Restate word for word the lines below that run from the one holding "Yin Yang, Μεταλλικό" through the one holding "Dino Cardigan Krean", inclusive. Pictures don't belong in the copy.

(Dataset items)
* * * *

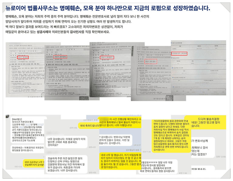 <뉴로이어 법률사무소 성공사례 중 일부 발췌>
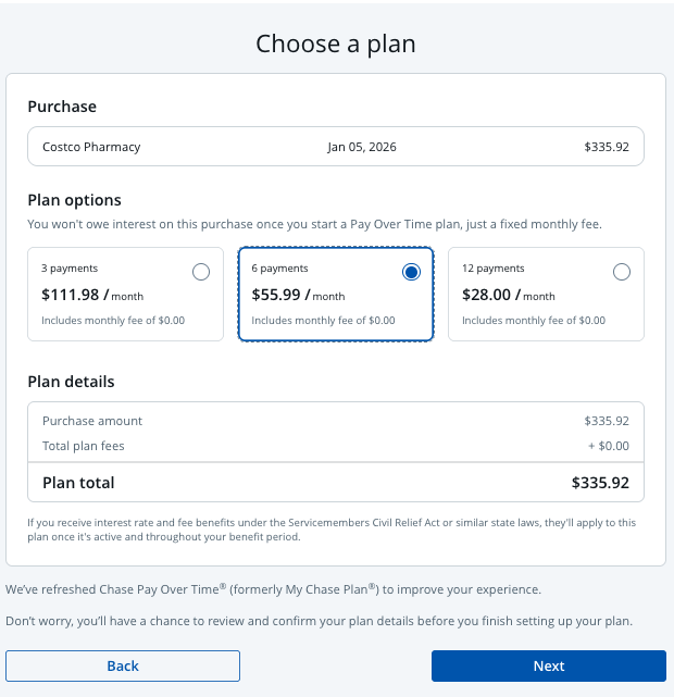 Chase Pay Over Time monthly fee explained
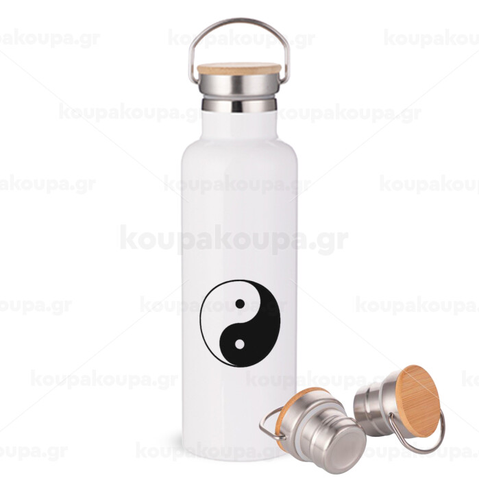 Yin Yang, Μεταλλικό παγούρι θερμός (Stainless steel) Λευκό με ξύλινο καπάκι (bamboo), διπλού τοιχώματος, 750ml
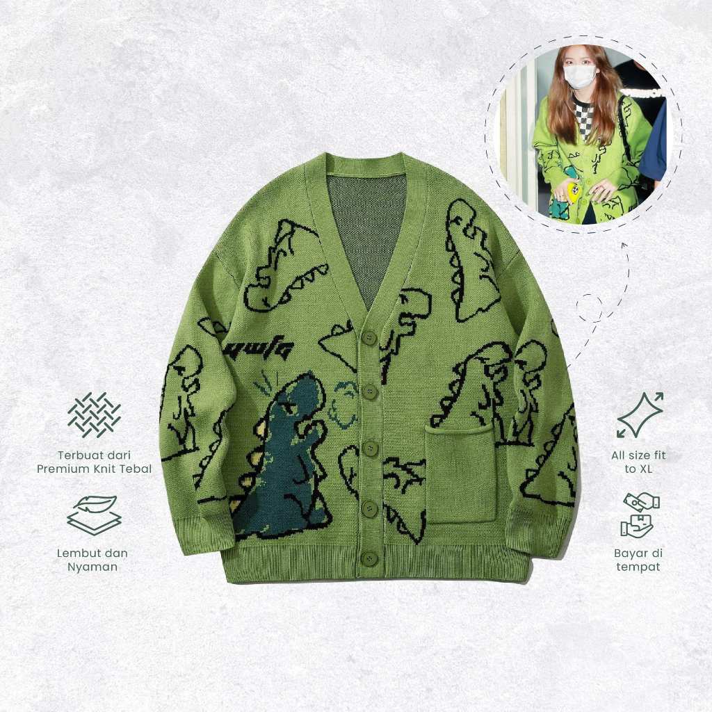 Dino Cardigan Krean Style Jisoo Bp Knitwear Unisex Rajut Premium -Najahstore_
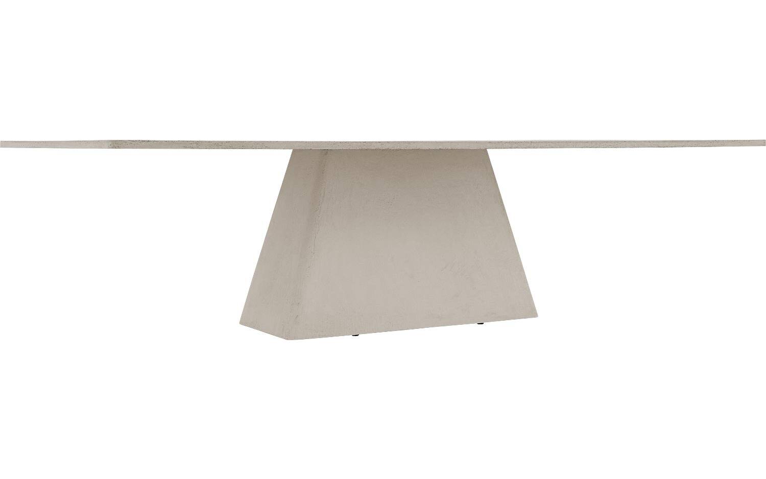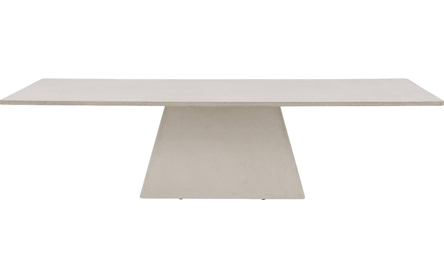 Eettafel Stone heeft een strakke rechthoekige vorm met opvallende rechthoekige poten in betonlook. De grijze kleur en industriële afwerking geven de tafel een stoer karakter, terwijl de elegante vormen voor verfijning zorgen. Ideaal voor 8 personen aan tafel.

* * * *

Response to this task -
 Yin Yang, Μεταλλικό παγούρι θερμός (Stainless steel) Λευκό με ξύλινο καπάκι (bamboo), διπλού τοιχώματος, 750ml
 Dino Cardigan Krean Style Jisoo Bp Knitwear Unisex Rajut Premium -Najahstore_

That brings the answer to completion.